For the same reason, the implications for the fiscal burden must be kept in proportion. The Treasury forecasts that the ratio of current receipts to GDP will rise from 39.1 per cent of GDP last year to 40.5 per cent in 2006-07. The ratio of taxation to GDP will be some five percentage points of GDP higher than in 1993-94, but that was a year of unsustainable fiscal deficits. The ratio of current spending, plus net investment, to GDP will rise from 37.9 per cent of GDP last financial year to 40.6 per cent by 2006-07.

Public sector net investment

That the implications of the plans are not enormous follows from the growth assumptions. The chancellor is forecasting revenue and spending on the basis of a trend growth in the economy of 2½ per cent a year, up from the 2¼ per cent previously assumed. This is still a quarter of a percentage point below the newly increased assumption about the trend rate of growth. If the economy grows at this rate, the planned annual real growth in overall current spending in 2004-05 and 2005-06 is only 0.8 percentage points higher. This is no huge margin.

Given the somewhat more optimistic assumptions about economic performance, the fiscal position survives pretty well intact. As a share of GDP, public sector net debt rises from 30.4 per cent last year to 31 per cent in 2006-07. The current budget remains well in surplus, though this falls from 1.1 per cent of GDP last year to 0.3 per cent this year, before rising to 0.7 per cent in 2006-07.

Given the chancellor's reliance on the golden rule - which allows borrowing for investment - and his commitment to higher public investment, net borrowing now rises to 1.4 per cent of GDP by 2006-07, against a mere 0.1 per cent last year. Most of the increase is forecast to happen this year, with a jump to net borrowing of 1.1 per cent of GDP. But Mr Brown is raising two fingers to the eurozone's growth and stability pact, with a planned general government deficit of 1.5 per cent of GDP by 2006-07. Is this reckless? Hardly.

In raising the assumed trend by aquarter of a percentage point, the Treasury is falling in line with other forecasters, including the International Monetary Fund. It is not assuming a jump in productivity growth. This seems fair enough, since I, for one, remain unconvinced that the shower of pro-enterprise measures the chancellor is determined to pour on business will make much, if any, difference.

Total managed expenditure

This year the Treasury forecasts growth at 2 to 2½ per cent, though it is forecast to rise to 3 to 3½ per cent in 2003 and 2½ per cent to 3 per cent in 2004. The figures for 2003 and 2004 look optimistic given the imbalances in the economy and the possibility of a sharp sterling correction and inflation spike. But the Treasury has been a remarkably successful (perhaps remarkably lucky) forecaster in recent years.
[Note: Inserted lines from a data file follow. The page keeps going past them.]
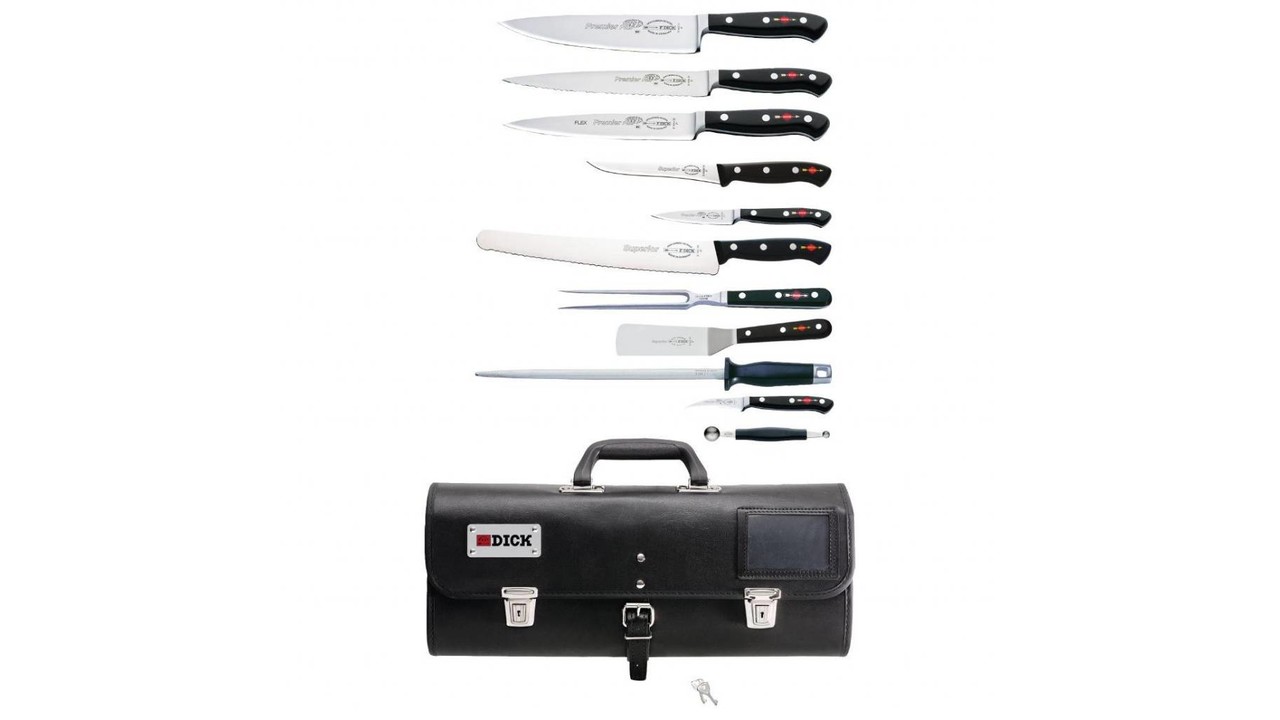 Premier Plus: 22cm vleesmes, 8cm schilmesje, 18cm fileermes, 9cm schilmesje, 22cm koksmes Superior: 13cm spatel, 15cm uitbeenmes, 25cm broodmes Parisienneboor, 18cm vleesvork, 25cm aanzetstaal In een duurzame en veilig afsluitbare foudraal Zeer scherp
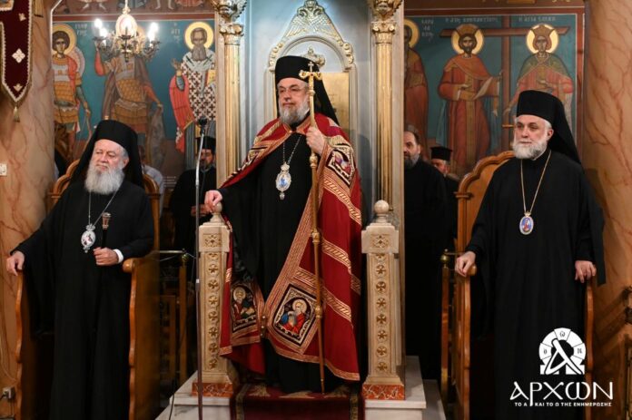 Του Πολυαρχιερατικού Εσπερινού χοροστάτησε ο εορτάζων Μητροπολίτης Γόρτυνος και Μεγαλοπόλεως κ. ΝΙκηφόρος, συγχοροστατούντων του Σεβ. Μητροπολίτη Χαλκίδος κ. Χρυσοστόμου και των Θεοφιλ. Επισκόπων Τεγέας κ. Θεοκλήτου και Σκοπέλου κ. Νικοδήμου.
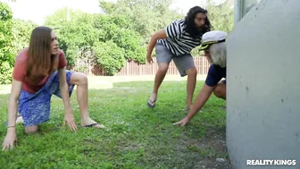 Description: Miranda Miller and Vienna Black have found a nice secluded waterfront area to finally escape for some naughty fun. They kiss and trace their hands along each other s bodies eager to make their partner moan and squirm in pleasure... Until Charlie washes up on shore like a perverted beached whale jacking off to this impromptu lesbian show and ruining the whole thing! In today s episode the Stabbin crew acts on some intel to sneak on to a nearby set and check out how the professionals film a full scene. They spot the cute yet sloppy Alex Blake slobbering and drooling over Ricky Johnson s hard cock doing her best to shove it deep down her throat. The gang sneaks through the set as Alex gets pounded senseless squirting over the cameras during orgasm after orgasm... But something tells me the seductive Alex and charismatic Ricky will be pleased with the crew crashing in on their content.
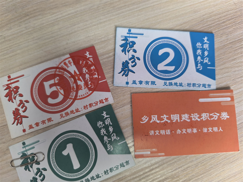 四川省内江市资中县双龙镇檬茨村积分超市为村民发放的积分卡。(罗园 摄)

The conclusion, then, is that Mr Brown has indeed laid the ground well for the government's new "tax and spend" course. The economy and the public finances can bear the strain. The increase in tax burden, though evident, is not by any means large.
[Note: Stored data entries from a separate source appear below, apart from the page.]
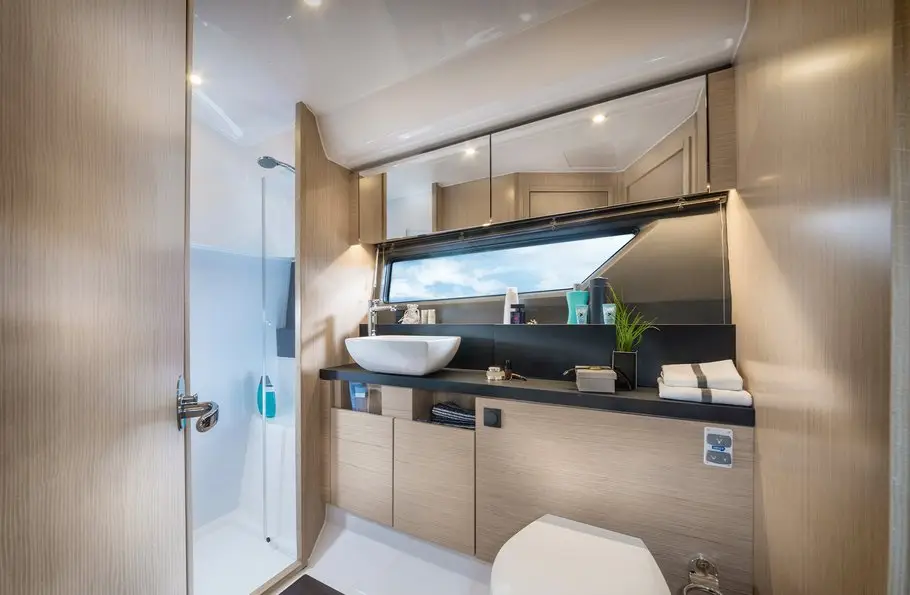 Le BAVARIA R40 dispose de deux cabines luxueuses, chacune avec un lit king-size, des finitions en bois élégantes et deux salles de bain privative équipées d’une douche séparée. La cabine du propriétaire à l’arrière offre également un sofa confortable, parfait pour se relaxer. La cabine des invités se distingue par sa flexibilité, avec un lit double qui peut se convertir en deux lits simples, selon vos besoins.
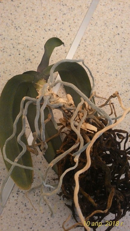 Намочите, все верхние корни живы и они будут зелёными или серебряными. Вот эти самые корни оставляем, остальные срезаем, присылаем корицей, прослушиваем и в кору. Листья трогать не надо, она если нужно их сама засушит.
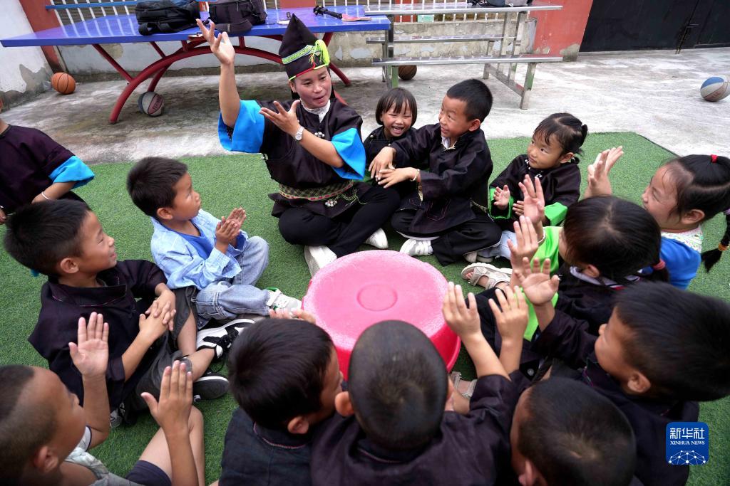 柳吉小學教師王章艷帶領學生在課間玩游戲(9月7日攝)。

This does not mean that the fundamental decision taken by the government to go for higher spending on health is not open to challenge. First, it should be stressed that national insurance is, like the social charges Mr Brown despises, a tax on employment alone. Second, there has been no serious attempt to argue that health spending is so much higher a priority than anything else.

Last but not least, the question is whether this shower of gold will generate a noticeably improved quality of service. That improvement will surely need to be evident by the next election. But improvements in health services are inevitably slow to materialise, given the time it takes to build facilities or train new doctors.

The government's nightmare must be that nobody notices a difference in time. If so, those increased tax bills, with more to come in the next parliament, will look far more unpleasant. The government has taken a bold step. Now it must do more than deliver; it must be seen to do so.